There isn’t much other lore and the film, generally, tries but misses. Naughton works as the more and more harried law student out of his depth and, though his part is small, Dourif is his usual animated and manic self. I did not buy the relationship between David and Cheryl at all – there was just no chemistry – and thus didn’t really care when she left him, to be honest he was better off with the vampire.

There is a lack of gore and nudity in this which belies the almost noir feel they tried to put in as it was symptomatic of denying the grittiness that is necessary if you are going to pull off noir. However it isn’t a bad way to spend 90 or so minutes, if it airs on TV as it isn’t on DVD or VHS as far as I can tell. 4 out of 10 seems fair, not bad but missing the grittiness it desperately needed and suffering from poor chemistry between the two leads.

The imdb page is here.

;) Q

6 comments:

Chick Young said...

Tal, old buddy. I vaguely remember this - your review is making desperately want to see it! You've got my email, if you have a suggestion on how I can view it - please drop me a line. All the best and Happy Holidays!!!!!!!!!

Bill Dan Courtney said...

I have always liked Brad Dourif since One Flew Over the Cuckoo's Nest. Like Chick says I would like to check it out but can be hard to get sometimes. I may do some shopping here when the coffee warms up. I have a couple sites that may have it.

I do not know if I told you but I ran a stake through the heart of the Son of the Uranium Cafe and have assembled Necrotic Cinema, a blog for newer horror and sci-fi and gore films. This way the UCafe can focus now on older films.

It is a Blogger blog some it is in the community. I think you will like the design I made up for it. the URL is

http://necrotic-cinema.blogspot.com/

Taliesin_ttlg said...

Hi both.

I'm glad I have tweeked some nostalgia.

Bill, I certainly have seen the new site and it is looking good.

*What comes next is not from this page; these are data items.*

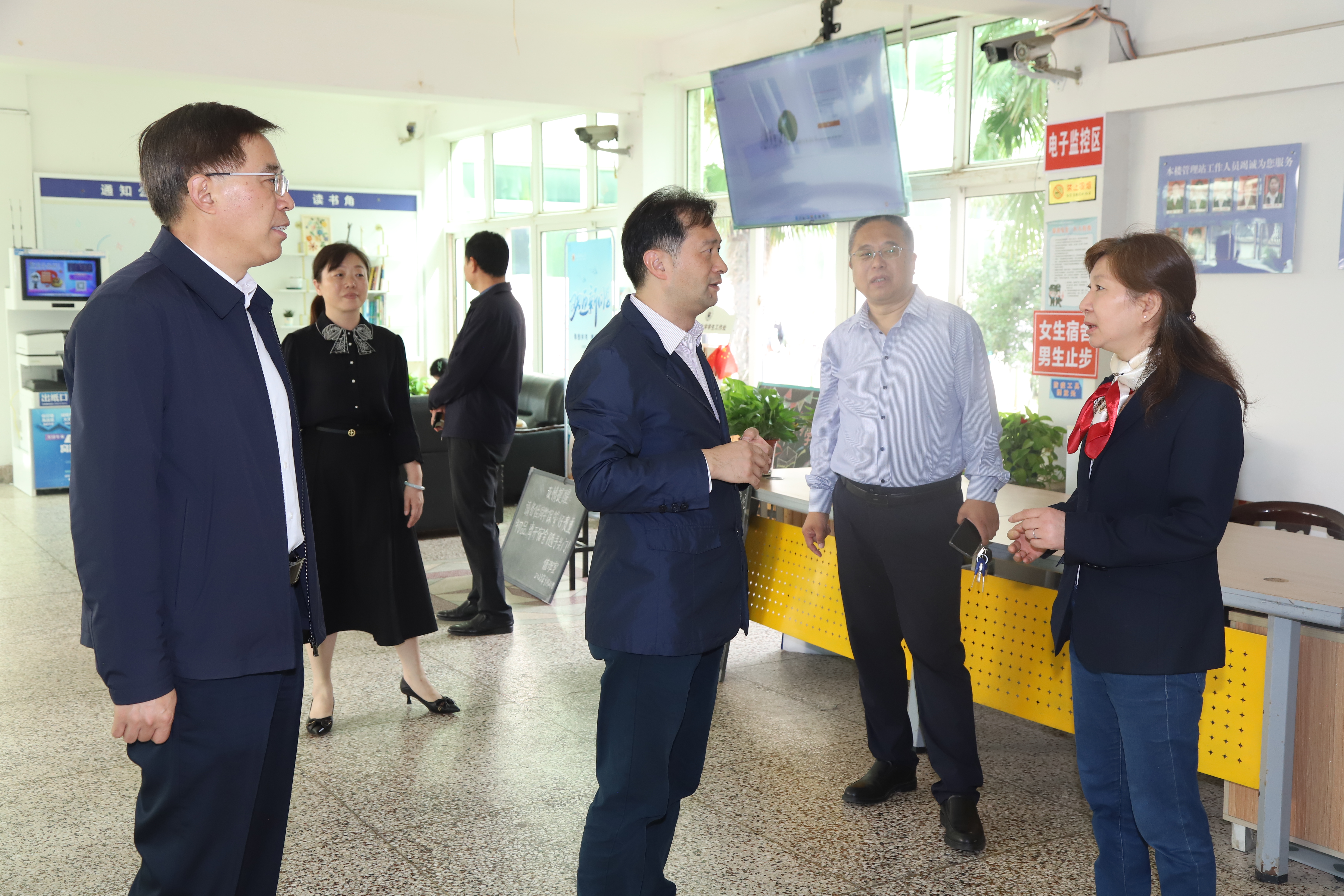在公寓三组团,张校长对公共区域设施、消防设施、电器设备、卫生状况等方面进行检查,与公寓管理人员、服务人员进行交流,了解公寓管理工作的运行情况和服务质量,对于管理和服务方面发现的不足,及时提出了指导意见和建议。同时,还就学生管理和服务方面进行指导和部署,要求要确保学生公寓的安全、有序和高效运转。
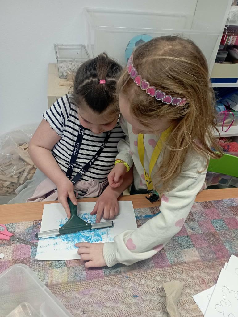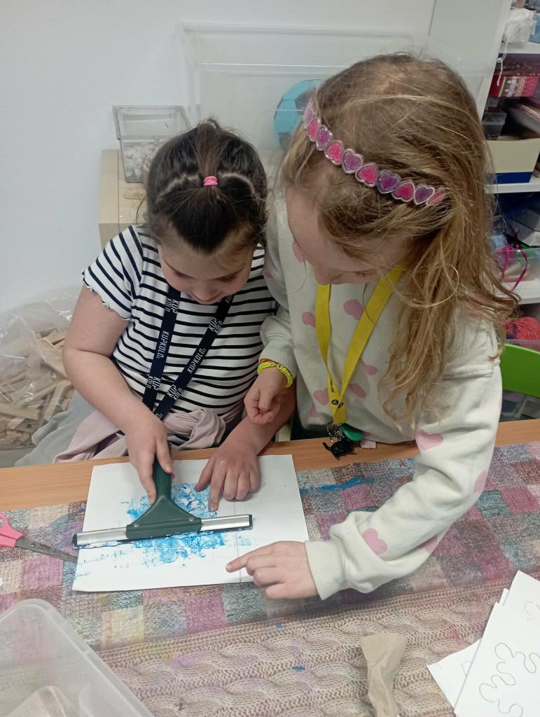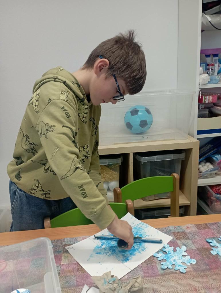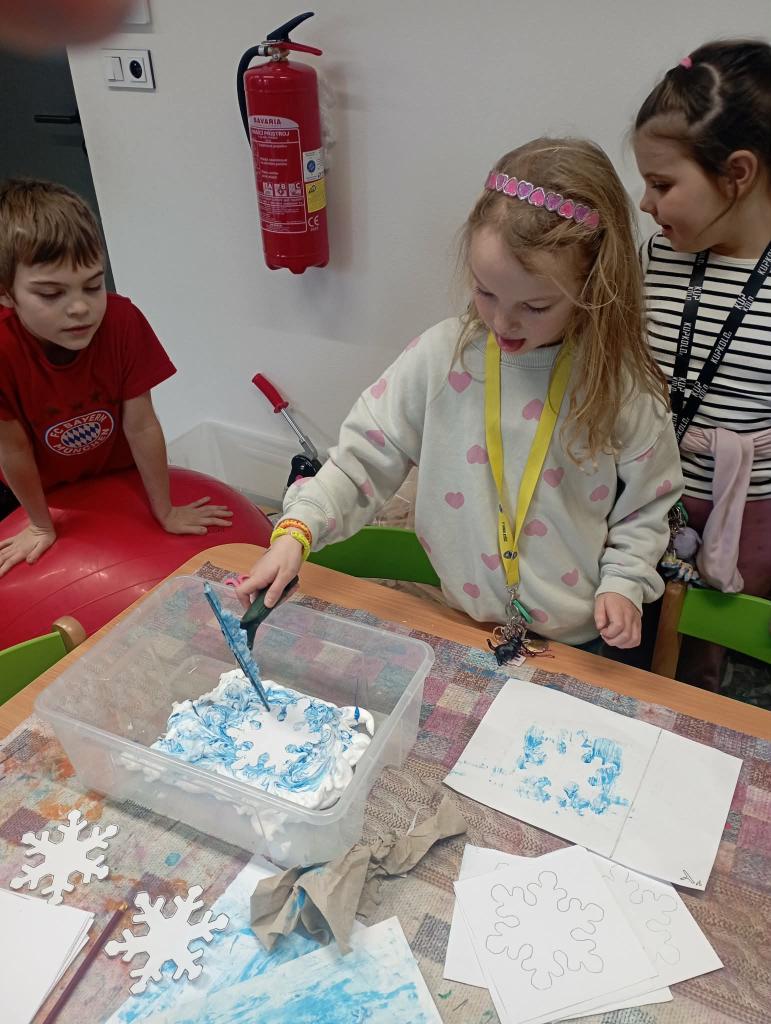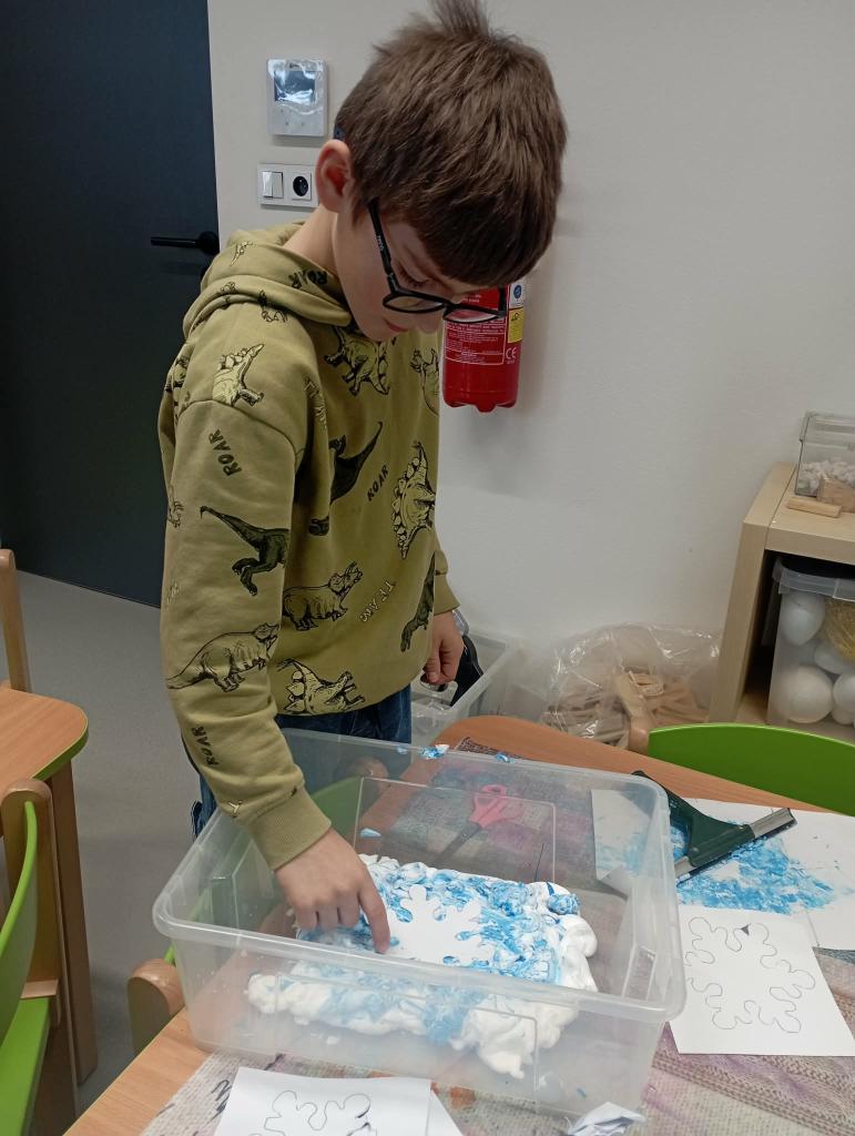 V rámci rozvoje jemné motoriky jsme tvořili zalaminované barevné záložky, které byly připravovány i pro budoucí prvňáčky. Další oblíbenou aktivitou bylo vytváření zimních vloček pomocí holicí pěny a barev metodou otisku na papír. Nezapomněli jsme ani na naše družinové mazlíčky – šnečky, kterým děti s nadšením připravily nové průlezky.
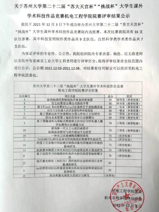 12月3日下午,第二十二届“苏大天宫杯”“挑战杯”大学生课外学术科技作品竞赛院内选拔赛在行政楼210成功举办。选拔赛特邀院内专家余雷、杨浩、迟文政老师以及院外专家南京工业大学王莉老师进行评审打分。本次比赛,我院共有16支队伍进入答辩环节,其中9个科技发明制作类作品,7个自然科学学术类作品。
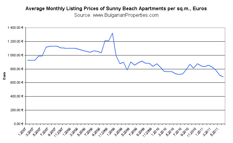 BULGARIAN PROPERTIES’ index of the listing prices of apartments in Bulgaria’s biggest seaside resort – Sunny Beach – shows that at present prices of holiday apartments there are 50% lower compared to their peak values in 2008.
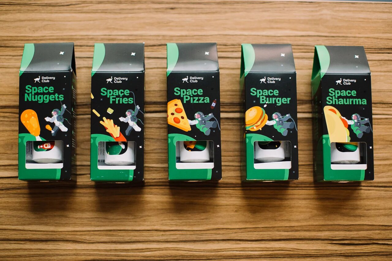 Подробные идеи по визуализации можно посмотреть здесь. Также можно вдохновиться примерами креативов ко Дню космонавтики в прошлому году, например, классной упаковкой «космической еды» от Delivery Club или насыщенной графикой бренда Askona.
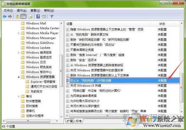 2、確定后彈出本地組策略編輯器,接著依次展開“用戶配置→管理模板→windows組件→windows資源管理器”再接著有右側(cè)找到“防止從我的電腦訪問驅(qū)動(dòng)器”,雙擊打開。如圖:

Seasons greeting to you both

DarkwingDave said...

Wow....this really brings back the memories. I had enjoyed this so much then I actually recorded it with a cassette player (yes THAT far ago) to listen to. The actress went on to another of my favorite shows, Spenser for Hire for two seasons. Thank your for your thoroughness and nostalgia.

Taliesin_ttlg said...

Dave, I am doing my best to be as thorough as i can. Thanks for tking time to look through the blog - I appreciate it.

Fangfan408592 said...

I have always found the manner of Desire's death to be confusing. By freeze-framing the image of her body near the end of the film, I found that it looks like she fell on a tree of some sort and was likely impaled (through the torso). I guess. A 3-story fall earlier in the film didn't seem to faze her.